Baca Juga :PMII Akan Demo Saksi Cekal KPK ke KAD Sumut


"Suaminya Rizal Nasution meminta LSM Lira membantu masalah mereka, setelah kita investigasi, ternyata memang ada yang tidak beres. Istrinya Lina Marlina melahirkan di Rumah Sakit Pirngadi Medan, anaknya meninggal baru lahir dibungkus cara protokol covid-19 yang masih mengenakan popok atau pampers serta jarum infus yang melekat pada pergelangan tangan kanannya," kata Nasution.


Diketahui, Lina Marlini operasi melahirkan di RSU Pirngadi Medan, pada Kamis 27 Agustus 2020, sekira pukul 09:00 Wib. Kata dokter, sesuai pengakuan Lina Marlina, bayinya harus menjalani perawatan medis di Lantai 4, karena terlalu lama penanganan sehingga banyak terminum air ketuban dan meninggal.

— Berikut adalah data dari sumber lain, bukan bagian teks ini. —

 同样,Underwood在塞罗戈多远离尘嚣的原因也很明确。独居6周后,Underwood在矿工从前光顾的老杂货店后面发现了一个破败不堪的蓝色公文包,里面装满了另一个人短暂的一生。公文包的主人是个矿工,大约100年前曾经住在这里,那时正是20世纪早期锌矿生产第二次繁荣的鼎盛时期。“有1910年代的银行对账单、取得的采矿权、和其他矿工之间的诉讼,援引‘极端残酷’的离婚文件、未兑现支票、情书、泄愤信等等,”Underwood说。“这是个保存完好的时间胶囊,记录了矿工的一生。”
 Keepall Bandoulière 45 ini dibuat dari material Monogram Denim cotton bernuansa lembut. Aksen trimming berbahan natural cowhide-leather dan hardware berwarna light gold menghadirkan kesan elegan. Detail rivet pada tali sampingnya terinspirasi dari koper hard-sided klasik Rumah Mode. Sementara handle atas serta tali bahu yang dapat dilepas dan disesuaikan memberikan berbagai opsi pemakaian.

Sekira pukul 20:30 Wib, sesuai dengan surat keterangan yang dikeluarkan dari dokter RSU Pirngadi Medan, Dokter Forensik, Dr. Dessy Purba, dinyatakan bayi Lina Marlina meningal reaktif Covid-19 dan sudah ditangani sesuai protokol.

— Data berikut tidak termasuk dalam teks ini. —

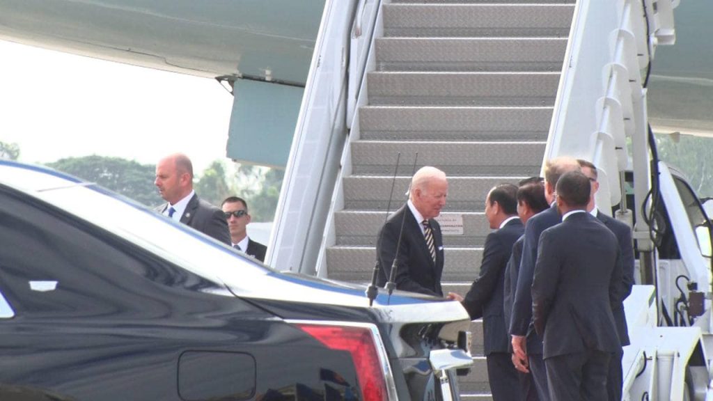 លោក ចូ បៃដិន ប្រធានាធិបតីសហរដ្ឋអាមេរិក បានអញ្ជើញមកដល់ប្រទេសកម្ពុជាហើយ ដើម្បីចូលរួមកិច្ចប្រជុំកំពូលអាស៊ាន ដែលកម្ពុជាធ្វើជាម្ចាស់ផ្ទះ
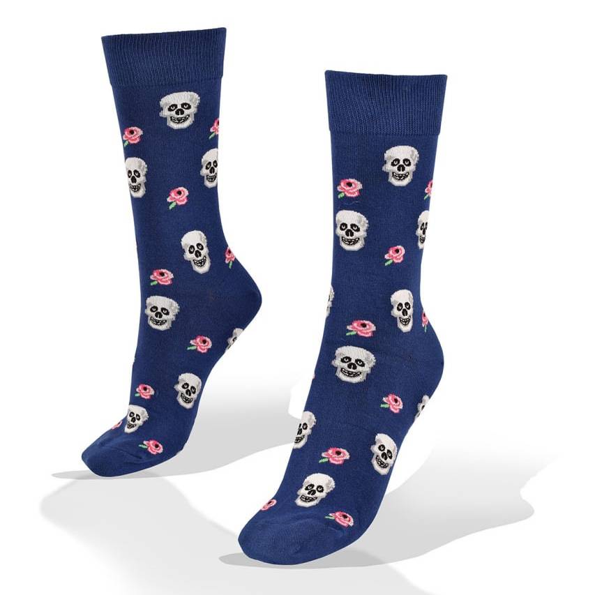 Medias Aves del Plata™ Calaveras con Rosas en Fondo Azul.

Mayat bayi pun diserahkan pihak RS Pirngadi kepada orang tuanya untuk dimakamkan. Namun pihak keluarga membuka bungkusan peti mati dan melihat mayat bayi dalam kondisi terbungkus. Rizal Nasution dan Lina Marlini, serta keluarga mendapati kondisi mayat bayi masih mengenakan popok atau pampers serta jarum infus melekat pada pergelangan tangan kanannya terlakban.


Baca Juga :Terungkap, Lembaga Pelaksana Bimtek Dana Desa Pemkab Paluta Fiktif


"Mayat bisa dibawa pulang keluarga karena bayar Rp 1,5 juta dan menekan surat dari pihak rumah sakit. Inikan sudah modus pemerasan, alasanya covid-19. Apa demikian kebijakan manejemen RSU Purngadi Medan," tegas FR. Nasution.



FR berharap pihak penegak hukum mengusut dugaan kejahatan manusia dan pemerasan yang terjadi di RSU dr. Pirngadi Medan. "Kita negara hukum, makanya kita minta penegak hukum mengusut manejemen RSU Pirngadi Medan," tandas FR. Nasution.